Avec ce dernier entretien avec un professionnel de la copropriété, nous achevons notre cycle de présentation des métiers  satellites de la copropriété. Après l’administrateur de biens, le syndic, le géomètre-expert, le notaire, l’huissier ou encore l’administrateur judiciaire, c’est une avocate qui répond aux questions de la rédaction. Maître Laurence Souleau-Mougin est spécialiste en droit immobilier au barreau de Paris, membre de la Chambre nationale des experts en copropriété (CNEC).

Quelles sont les difficultés les plus fréquemment rencontrées dans le domaine de la copropriété qui impliquent le recours à un avocat ?
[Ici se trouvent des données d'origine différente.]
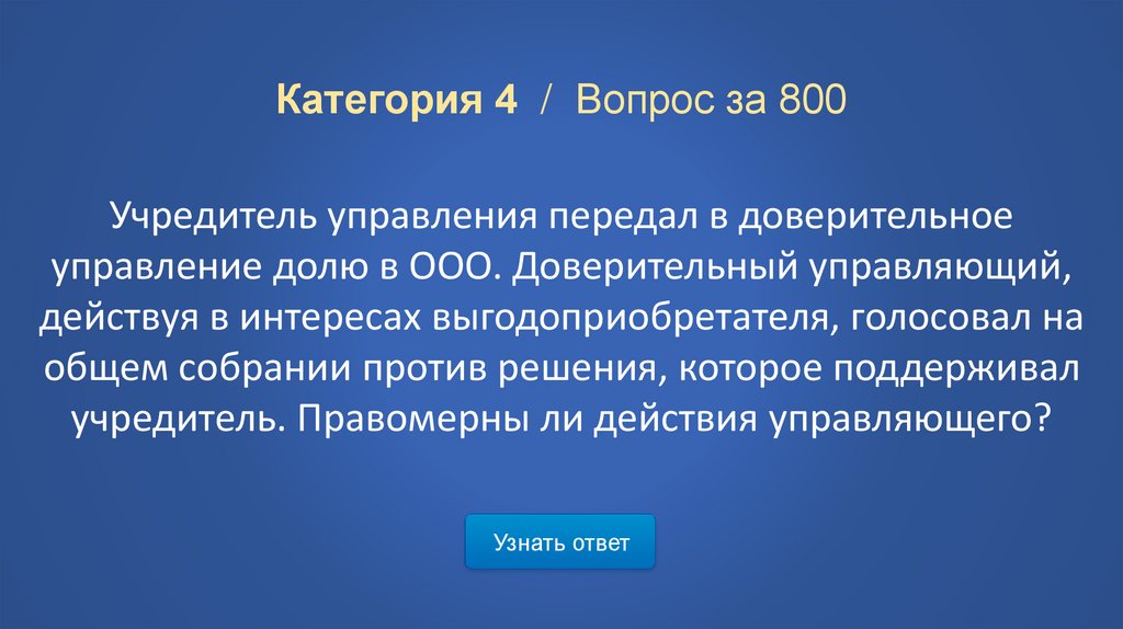 Категория 4 / Вопрос за 800Учредитель управления передал в доверительное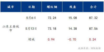 本周山东市场主要城市螺纹钢社会库存73.18万吨,较上周增加0.94万吨;盘螺社会库存14.38万吨,较上周减少0.7万吨;总库存87.56万吨,降0.24万吨。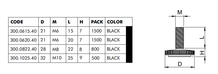 Опора регулируемая М10 х 25 арт.300.1025.40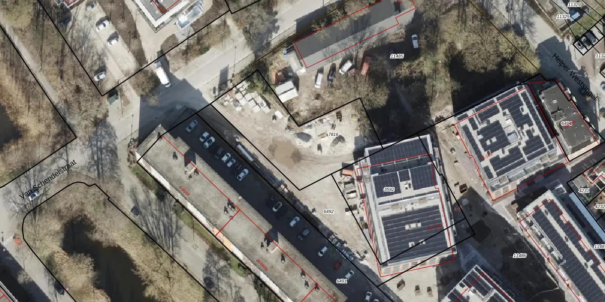Van Schendelstraat 6-33 is gelegen op kadastraal perceel HMN02M7816. Deze kadastrale aanduiding is uniek en wordt gebruikt door het Kadaster om eigendomsrechten en andere zakelijke rechten vast te leggen. Het perceel maakt onderdeel uit van de kadastrale gemeente Helpman.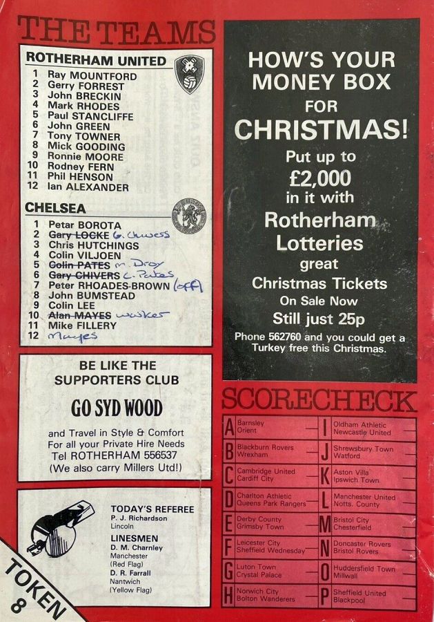1 Steve Francis, 2 Colin Lee, 3 Gary Locke, 4 Mike Nutton, 5 Micky Droy, 6 Colin Pates, 7 Peter Rhoades-Brown (12 Graham Wilkins 80), 8 Gary Chivers, 9 Clive Walker, 10 Alan Mayes, 11 Ian Britton |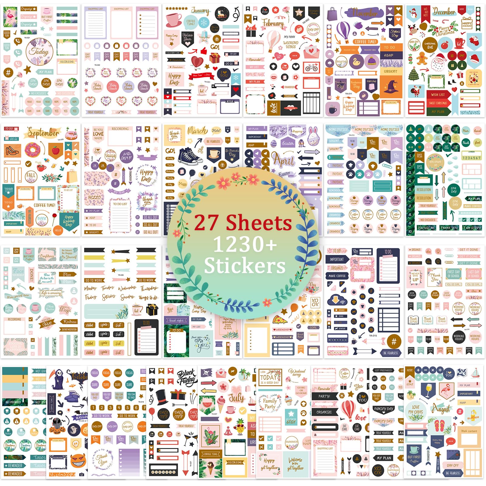 Package Includes: 27 Sheets/1230+ Planner Stickers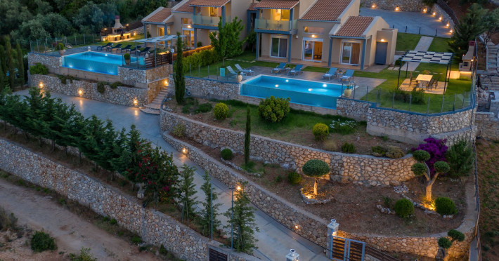 Ionian heaven property is a newly built complex of 2 luxury pool villas located in nikiana, one of the most picturesque places in lefkadas island. the 2 houses of 110 m^2each, abstain only 15 mins from the city of lefkada and 8 mins from nidry area. the villas in combination with the breathtaking infinity pool view of ionian waters ensure a one of a kind holiday experience for their elite guests.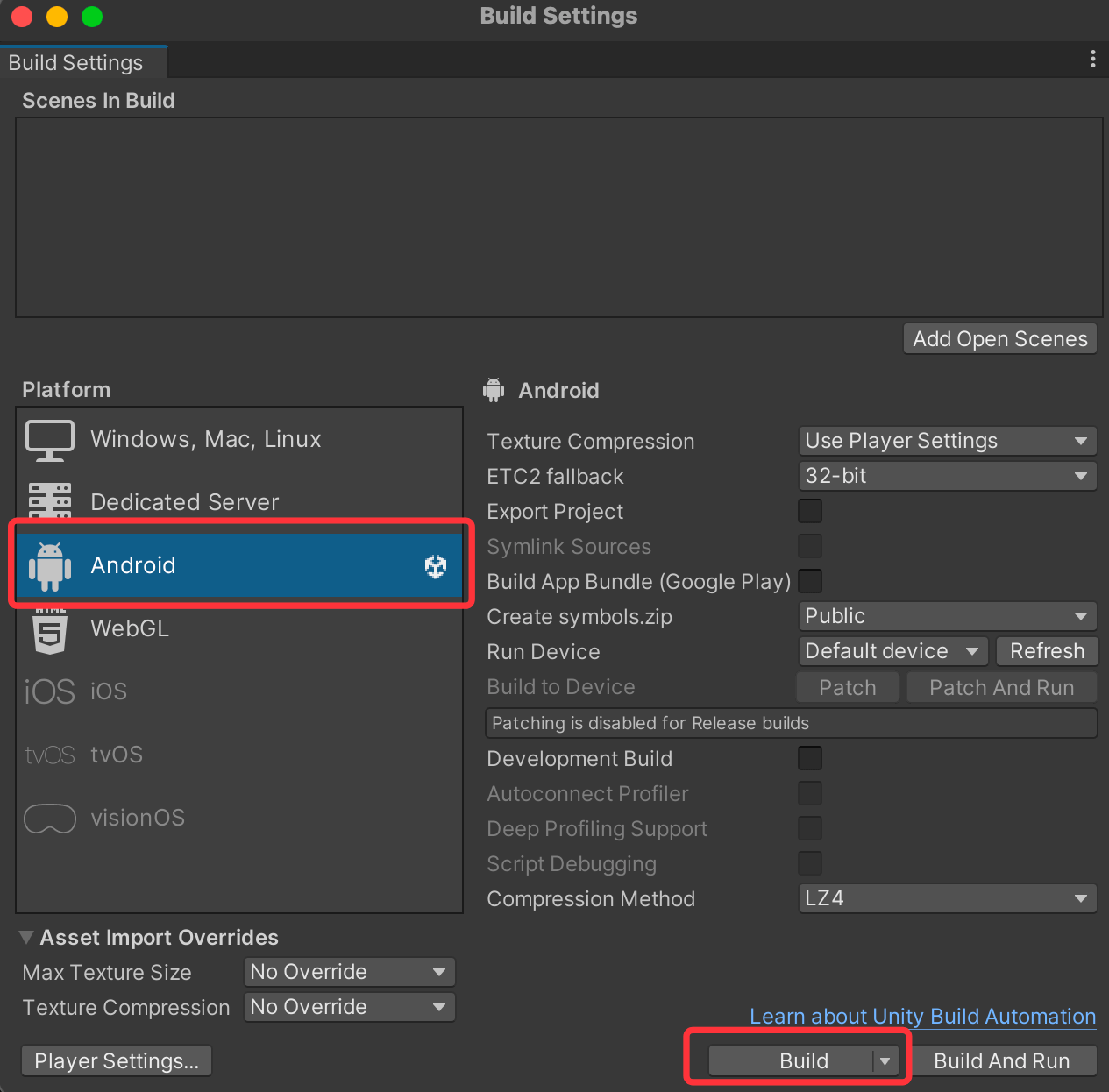 打开 「File->Build Settings」,Platform 选择 Android 平台,点击「Build」生成安卓apk,如果 UOS Stacktrace 面板中勾选了 Upload APK,SDK会在apk生成成功后自动将apk文件上传到UOS服务器。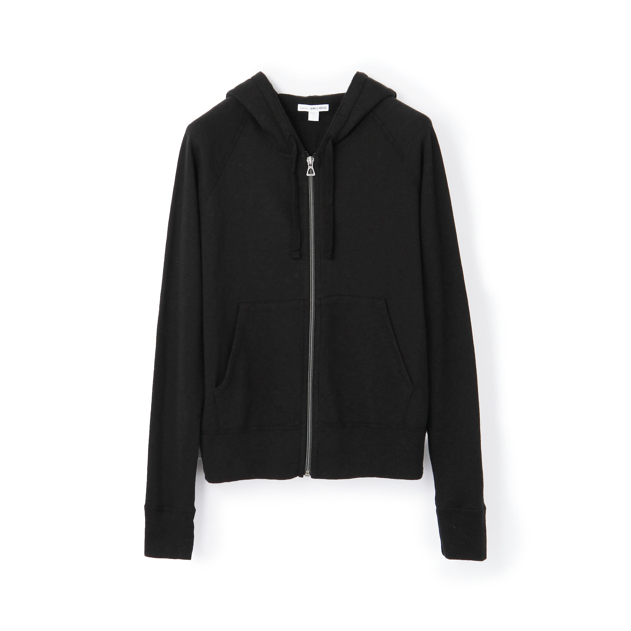 〈JAMES PERSE〉の人気アイテムの裾リブジャージーパンツとコットンパーカを合わせたスタイリング。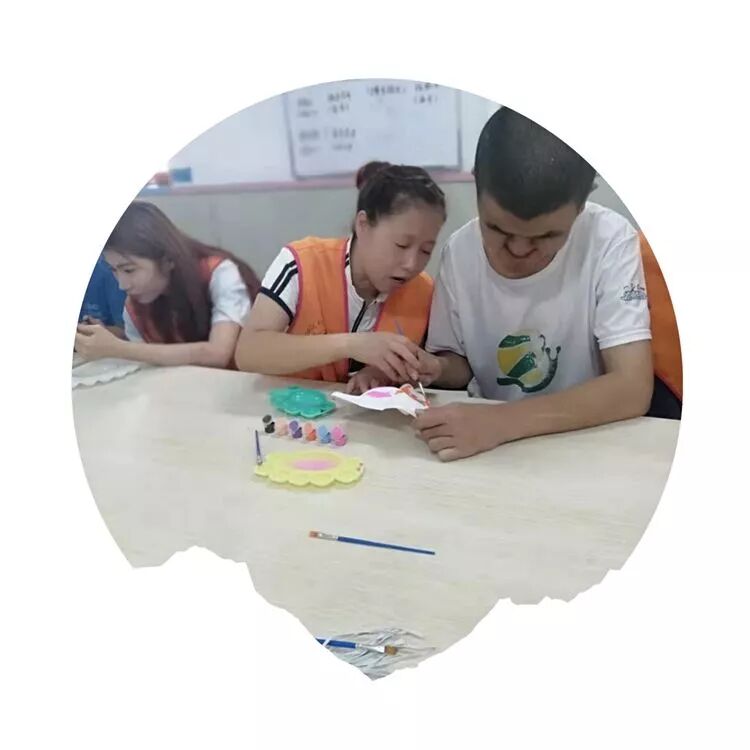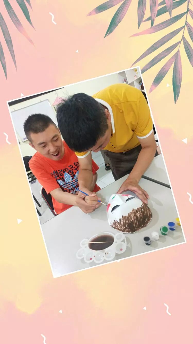 活动在学员和志愿者们的默契配合下结束了,学员们在志愿者的协助下,或是画面具,或是给瓶子换造型,最后都完整的做完了。感动我们学员的坚持,感谢志愿者们的陪伴。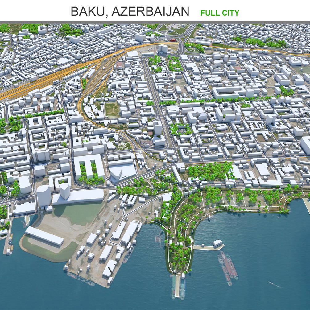 Baku city Azerbaijan 3D Model 50km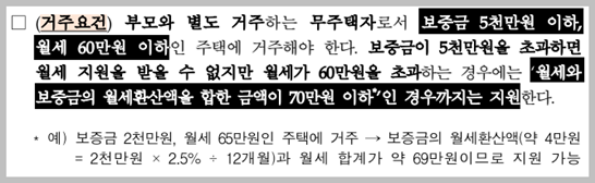 독립세대인 경우 보증금 5천만원 이하 월세 60만원 이하의 주택에 거주.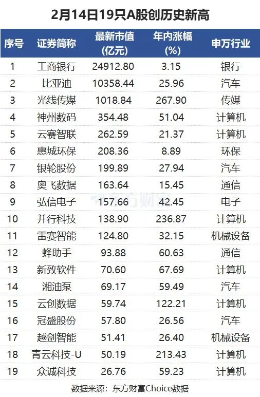 包括比亚迪在内,东方钞票Choice数据败露,周五A股有19只个股创出历史新高。按市值排序,还有工商银行、明后传媒、神州数码等股票。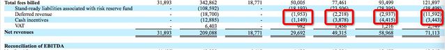 (注:總凈營收,是指總收費額扣除風險預備金、遞延收入以及高管的現金獎勵后的收入情況) 正常情況下,根據會計信息的配比原則(matching principle)和財務信息內在一致性邏輯原則,總凈營收應該與平臺貸款總額(理解成電商GMV)和總收費額(理解成毛收入)應該泛起同樣的拐點。 (注:配比原則通俗來說,就是有多大的場面,就應該有相匹配的收入和用度;內在一致性原則,就是說相關財務數據,內在存在一定意義上的比例關系) 然而我們觀察到波動里泛起了一些失常情況,原本Q2應該凈營收繼承下降的,卻意外的上升。2016Q1季度凈營收,應該達到最低點,然而卻與2015Q4季度持平。其他情況,基本與看點一描述的類似。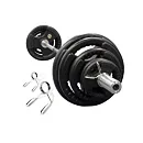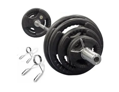 TUNTURI (MARCY) Olympic Weight Set 100 kg je kompletní set skládající se z obouruční olympijské hřídele s otočnými konci o délce 180 cm a ze sady litinových kotoučů s úchopem 2x15, 2x10, 4x5, 4x2,5, 4x1,25 kg.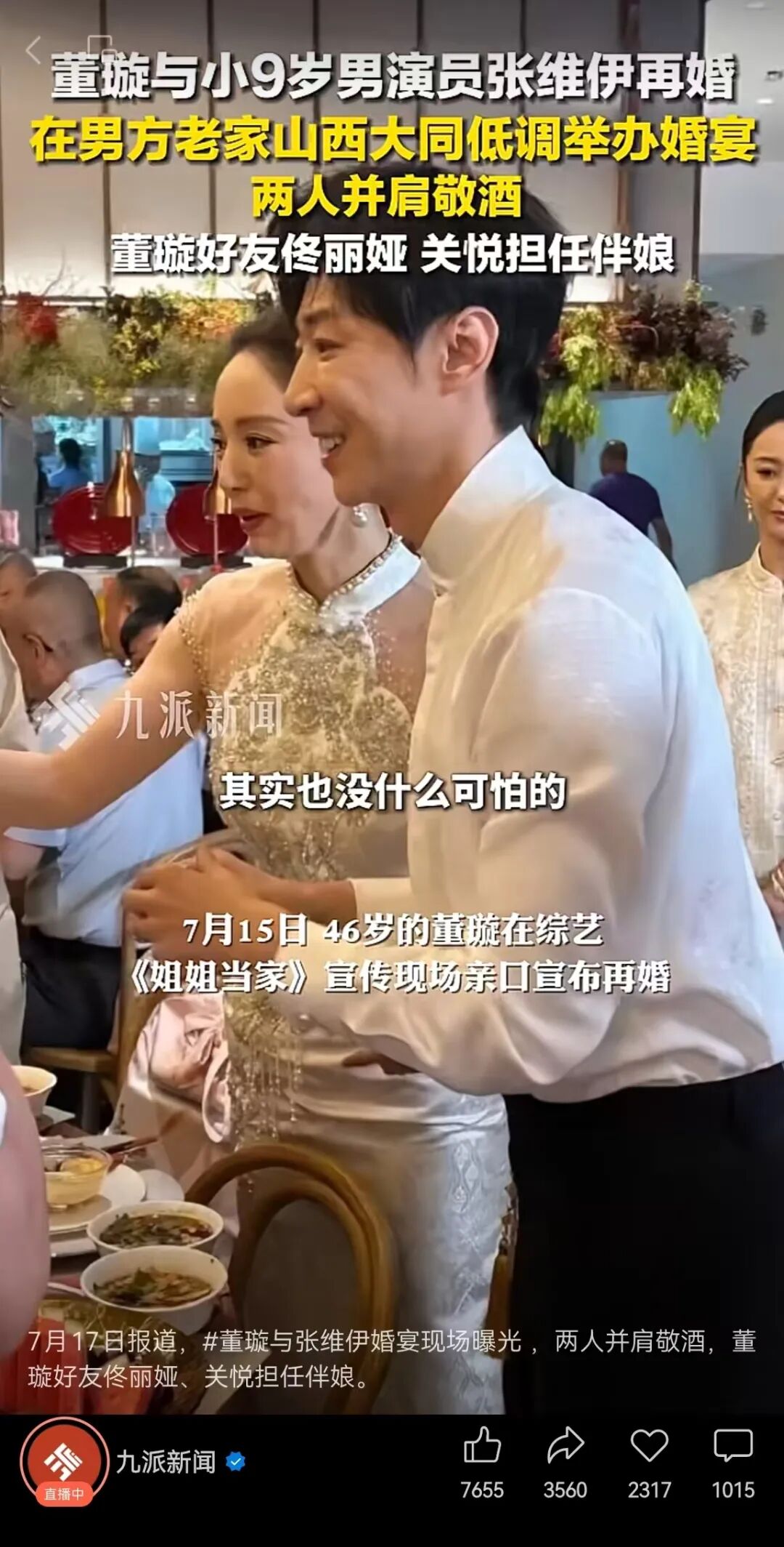 7月15日,董璇在《姐姐当家》媒体看片会时宣布“再婚”,引爆全 网。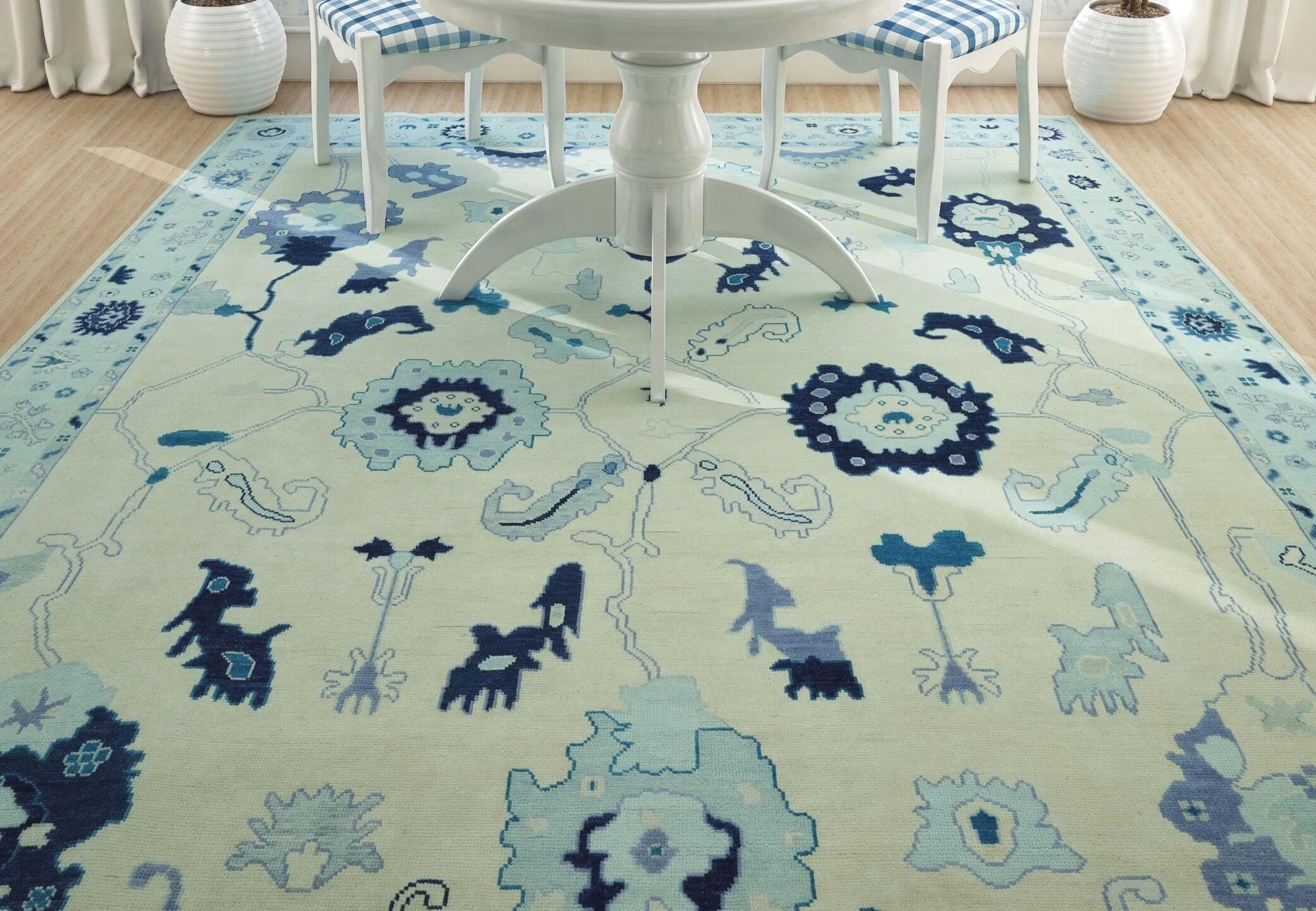Ivory Rug, Oushak Rug Shades of Blue, Powder Blue White Turkish Carpet, Home Decor Area Rug, Wool Rug Custom Size: Whispering Water AR_014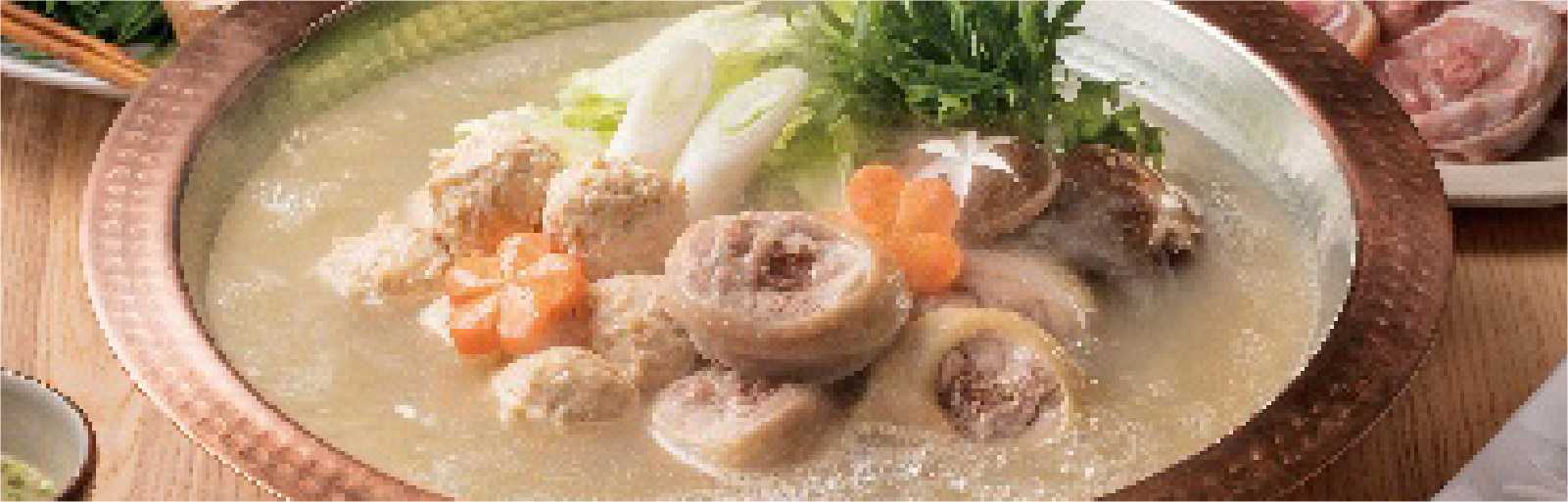「鶏かさね炊き製法」でじっくり炊きだした鶏がらと丸鶏の旨みを重ねた白濁スープは、煮込むほど具材の旨みも深まる、料亭「博多華味鳥」自慢のスープです。

«Le contentieux de la copropriété est à plus des deux-tiers, composé des procédures de recouvrement des charges de copropriété impayées. Lorsque la somme à recouvrer à l’encontre du copropriétaire est supérieure à 10 000 €, le ministère d’avocat est obligatoire devant le tribunal de grande instance. Cependant, devant la juridiction de proximité (moins de 4 000 €) et devant le tribunal d’instance (entre 4 000 et 10 000 €), ce n’est pas le cas et les syndics font parfois l’économie du recours à l’avocat, ce qui n’est pas forcément un bon calcul du fait de la précision et de l’expérience nécessaires pour établir un dossier complet permettant d’obtenir une pleine condamnation, et ce en dépit de l’apparente simplicité de l’exercice.
Les syndicats des copropriétaires font également appel à un avocat lorsqu’ils rencontrent des difficultés liées au non-respect par les copropriétaires d’autres de leurs obligations comme, par exemple, les nuisances générées par l’exploitation d’une activité dans l’immeuble, les désordres causés aux parties communes par un dégât des eaux ou la réalisation, sans autorisation de l’assemblée générale, de travaux qui affectent les parties communes ou l’aspect extérieur de l’immeuble.
L’avocat est également fréquemment sollicité tant par les syndicats que par les copropriétaires en matière de contentieux des assemblées générales de copropriété. En effet, la contestation des décisions d’assemblées générales aux fins d’en obtenir l’annulation ne peut se faire que par assignation devant le tribunal de grande instance avec ministère d’avocat obligatoire.
Le recours à l’avocat est aussi nécessaire dans le domaine de la contestation de la répartition des charges de copropriété, lorsque le règlement de copropriété impute à un copropriétaire une quote-part de charges dont il n’est pas redevable aux termes de la loi. Dans ce cas, en l’absence d’une décision d’assemblée générale prise à l’unanimité, une action en annulation de la répartition des charges illégale devra être engagée devant le tribunal de grande instance avec représentation obligatoire
par un avocat.»


Les modes alternatifs de règlement des conflits sont aujourd’hui clairement mis en avant par les pouvoirs publics. Quel rôle peut jouer l’avocat dans ce type de procédure ?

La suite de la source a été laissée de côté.